Cargo – Directed by Ivan Engler
Any film from Switzerland is a rarity; even more so is a science fiction film. While the plot is more a mesh of plots from several popular science fiction films such as The Matrix, Event Horizon, and Serenity, it, the actors and the amazing art direction are enough for a very solid film. In a future where the Earth is apparently uninhabitable, the remnants of humanity wait in a space station trying to gain passage to a distant planet where life is seemingly utopian. Laura, a young medic, takes a four-year job on a transport ship to earn enough money to get to the planet where her sister’s family already resides. While the motley crew sleeps their way across space, they take turns waking for weeks at a time to monitor the ship. Laura is then all but alone in the hulking craft and believes she sees a stowaway. As she delves deeper into the mystery, she finds that it goes far beyond the confines of the ship. I write confines in the metaphoric sense, as Engler gives us a ship which is as lonely, cold and immeasurably huge as space itself. Space is both vast and claustrophobic, where the smallest movement could be imagination or threat, and the wrong door opened salvation or death. While it comes close to cliche, Cargo is still an effective film.
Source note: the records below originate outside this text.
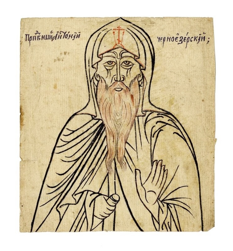 Прп. Антоний Черноезерский. Попов Василий Аверкиевич. Иконный образец. Период создания: XIX в. Материал, техника: бумага, сажа, краска, оттиск, рисунок, скол. 19,3 х 17,5 см. Государственный исторический музей, Москва.
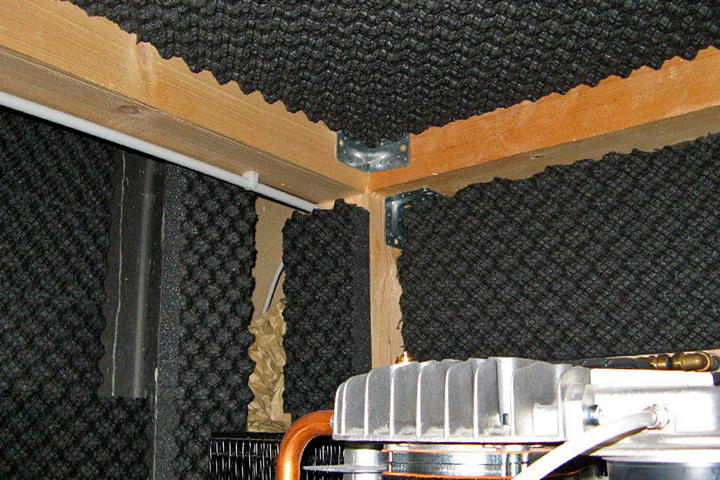 Die Auskleidung der Decke mit dem schalldämpfenden Akustik-Noppenschaumstoffes soni WAVE reduzierte den Schallpegel im Kompressorraum erheblich und damit auch die Schallübertragung in die darüberliegende Wohnung.
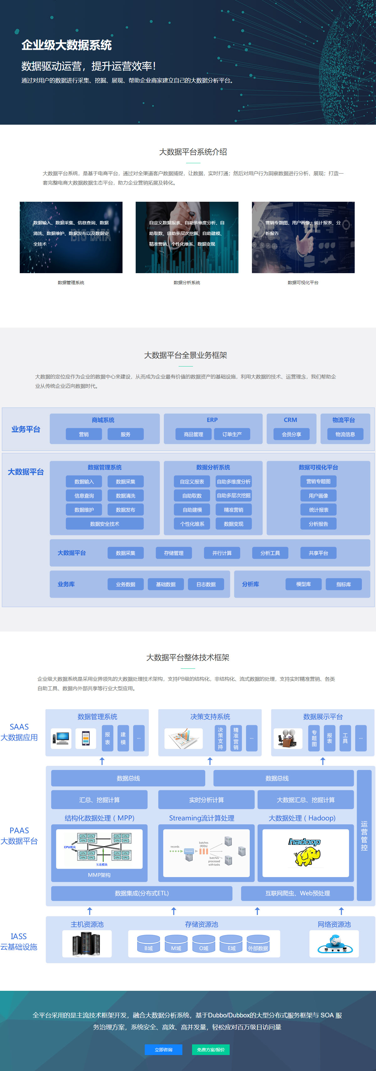 企业级大数据系统是采用业界领先的大数据处理技术架构,支持PB级的结构化,非结构化、流式数据的处理,支持实时精准营销、各类自助工具、数据内外部共享等行业大型应用。
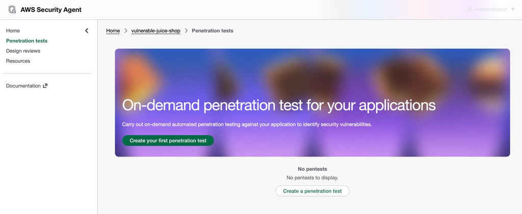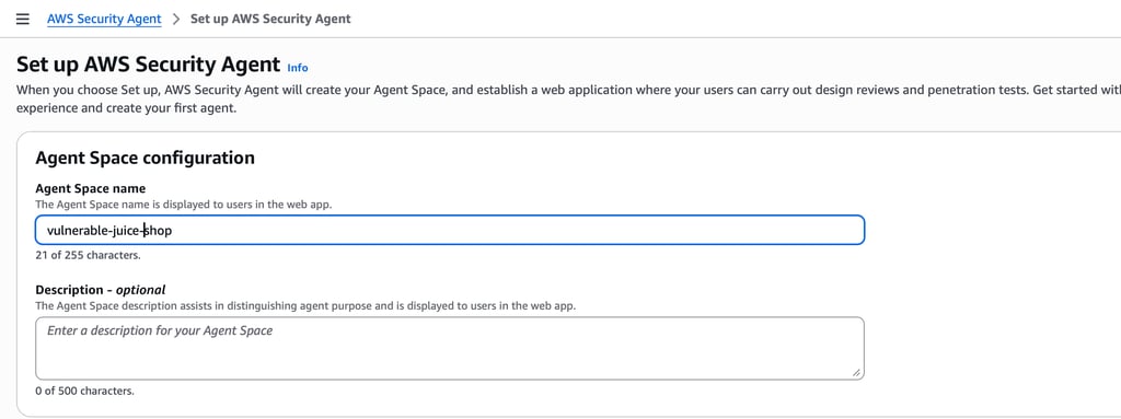AWS Security Agent provides a centralized interface for running automated security assessments, including design reviews, code reviews, and penetration testing. In this blog, we will focus specifically on configuring and running a penetration test against our deployed OWASP Juice Shop application.
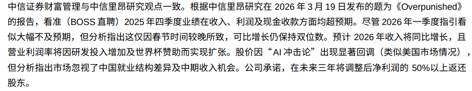 分析师认为,市场高估了替代平台的挑战。BOSS直聘凭借更丰富行为数据、更优模型与智能体能力,竞争优势将强化于同业,AI 工具亦可实现货币化。
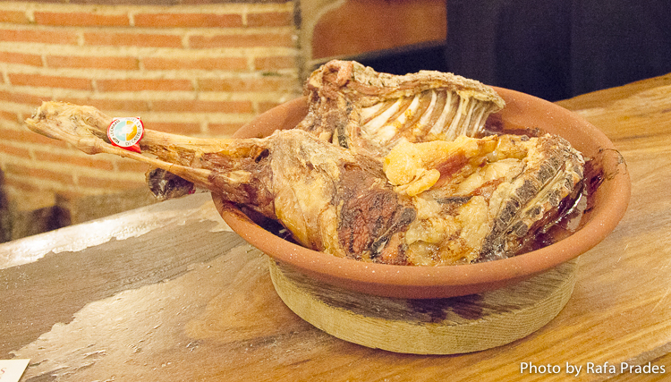 Como colaborador de Cocina.es fui invitado a estas Jornadas Gastronómicas en dos de los diez asadores que participan. Por la mañana un menú tradicional en el Mesón el Cordero, donde no podía faltar el lechazo asado en horno de leña. En el menú también estaban presentes algunos productos de la zona, como la morcilla arandina, variedad de la conocida morcilla de Burgos que se diferencia por su doble cocción que hace que “repita” menos y el uso de especias como el comino, la pimienta negra y el toque de canela. La crujiente y refrescante lechuga de Medina, todo un descubrimiento, acompañamiento perfecto del lechazo. Esta lechuga, de la variedad batavia, se cultiva en la comarca de Las Merindades, al norte de la provincia de Burgos. También fue protagonista en la mesa la torta de Aranda, un pan redondo y plano con hoyuelos en la superficie y de color dorado debido al aceite que se le unta por la superficie antes de entrar a hornear.

TiMER – Directed by Jac Schaeffer
Everyone (or most people) dream of finding their soul mate. Well, what if you could have a device implanted on your wrist that would tell you the exact date you would meet them (that is, if they also had the device implanted)? Would you do it, or would you trust that love is something more than science? And if you did know, what would you do in the meantime? Jac Schaeffer asks these questions in her first feature film Timer, starring Buffy veteren Emma Caulfield. Her character Oona has a timer, but her soul mate (if he exists) does not; her stepsister Stephanie won’t meet her soul mate for 15 years. While Oona holds out, Stephanie makes hay while the sun shines. A romantic comedy (with a dash of science fiction) that will certainly appeal to single women, the film is very original in concept, if not so much in execution. It questions the western ideal of “the one”, the strange mating rituals that permeate contemporary society, and the wish that most people have for a love guarantee. While the film is fairly predictable and drags at points, the cast is engaging and real enough to make the viewer think about their own expectations of love and marriage.